Use dolls or enter into make-believe(for little ones)


For those little ones who understand by example, you can demonstrate the new arrangements with play. Use dolls or enter into make-believe yourself and pretend it’s visiting time. Children will adjust faster if they lose their fear of the unknown. You might consider taking them on a brief tour of the area they will be going to when they visit their dad. Keep your attitude positive and if at all possible, enlist the aid of their father in helping them to adjust. Divorce is a difficult time for keeping the lines of communication open, but it’s necessary now more than ever.


Be honest with your children


While you want to avoid displays of extreme emotions, you also want to be honest with your children. This is tricky to navigate because children will want to comfort you. While this is a sweet gesture, it is damaging for children to become caregivers. Don’t rely on your children or confide in them. Don’t hand them your emotional burdens. The younger ones especially will not know how to deal with that and will internalize your unhappiness and feel responsible for making you happy.


Accentuate the positive as much as you can.
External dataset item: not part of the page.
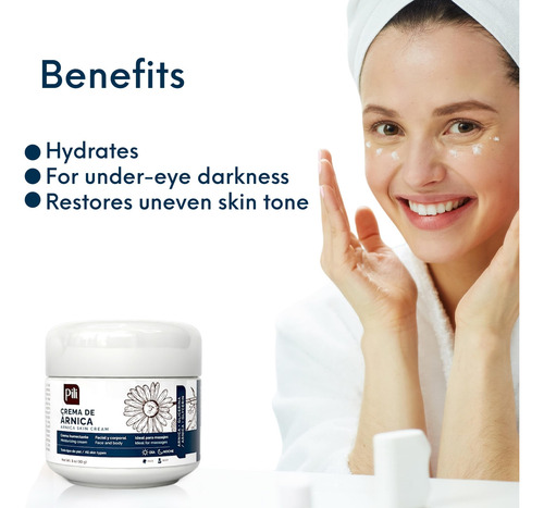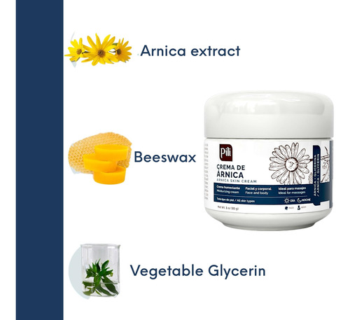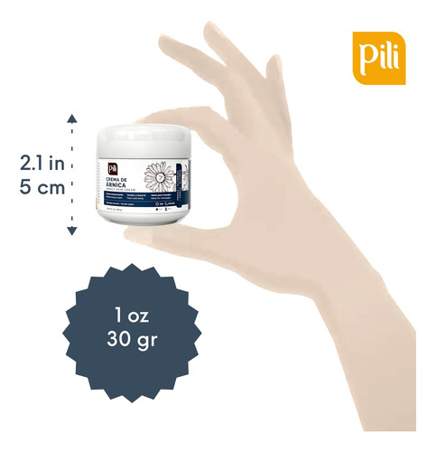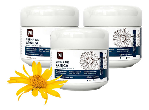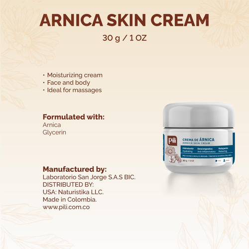 Melhore seus cuidados com a pele com o creme Pili Arnica, um pacote de 3 onças cada. Este hidratante rico e nutritivo acalma e hidrata, deixando sua pele suave. Este creme de arnica oferece o máximo de benefícios, aliviando os desconfortos corporais e promovendo uma experiência relaxante. Feito com arnica natural, acalma, suaviza e reforça naturalmente a beleza. Perfeito para pele seca severa ou delicada. Sem perfume, não oleoso e livre de crueldade, é um creme facial versátil e ideal para mãos e pés. Desenvolvida por profissionais experientes, nossa fórmula penetra na pele, repara e rejuvenesce. Aproveite os benefícios de uma fórmula de ação dupla, de rápida absorção e sem fragrância. Diga adeus à secura e olá à suavidade palpável! Este produto é fabricado por pessoas apaixonadas com mais de 60 anos de experiência nas indústrias de varejo de farmácia e fabricação de cosméticos. Estamos comprometidos em provar a você apenas os melhores produtos que a natureza tem a oferecer. Aproveite este novo pacote de 3 de 1 onça cada. Instruções: Massageie na pele seca até 5 vezes ao dia. Fabricado por: F.D. San Jorge Ltda. Feito na Colômbia. Distribuído nos Brasil pela Naturistika LLC. https://pilinatural.com/ Ingredientes: água, parafina líquida, ácido esteárico, glicerina, extrato de flor de arnica montana (arnica), octildodecanol, cera de abelha, cetareth-20, álcool cetílico, trietanolamina, propilparabeno sódico, metilparabeno sódico, edta dissódico. – Profundo Hidratação: Pili Arnica Cream é um hidratante rico e nutritivo que hidrata e suaviza a pele com eficácia, deixando-a macia e hidratada. Este creme de arnica oferece o máximo de benefícios, proporcionando alívio aos desconfortos corporais e promovendo uma experiência relaxante. – Propriedades calmantes naturais: formulado com extrato de arnica, este creme naturalmente acalma e suaviza a pele seca e áspera, proporcionando alívio à pele danificada e desidratada. O creme de arnica Pili vai além da mera hidratação, oferecendo alívio genuíno aos desconfortos corporais com um toque calmante. – Uso versátil: este creme de arnica é suave o suficiente para ser usado como creme facial, atendendo às necessidades específicas da pele delicada do rosto. Também é hidratante o suficiente para tratar o ressecamento persistente das mãos e dos pés. – Adequado para animais e sem cor: o creme natural de arnica Pili é livre de crueldade e não contém adição de cores. Estamos comprometidos em produzir um produto que não seja testado em animais, garantindo cuidados com a pele éticos e responsáveis. – Artesanato especializado: fabricado por pessoas apaixonadas com mais de 60 anos de experiência nas indústrias de varejo de farmácia e fabricação de cosméticos, o Pili Arnica Cream é resultado da dedicação em fornecer a você o melhor que a natureza tem a oferecer. Aproveite os benefícios deste creme nutritivo em um pacote conveniente de 3 onças de 1 onça cada.

Be an example for your little ones. What they see in actions can often tell them far more than words, since their vocabularies are still so small. Be affectionate, and find times to give them your undivided attention. Watch for signs of emotional stress and try to find ways to reassure them. Children are very adaptable, and can adjust to divorce if both parents resolve ahead of time to keep the negative aspects away from their children.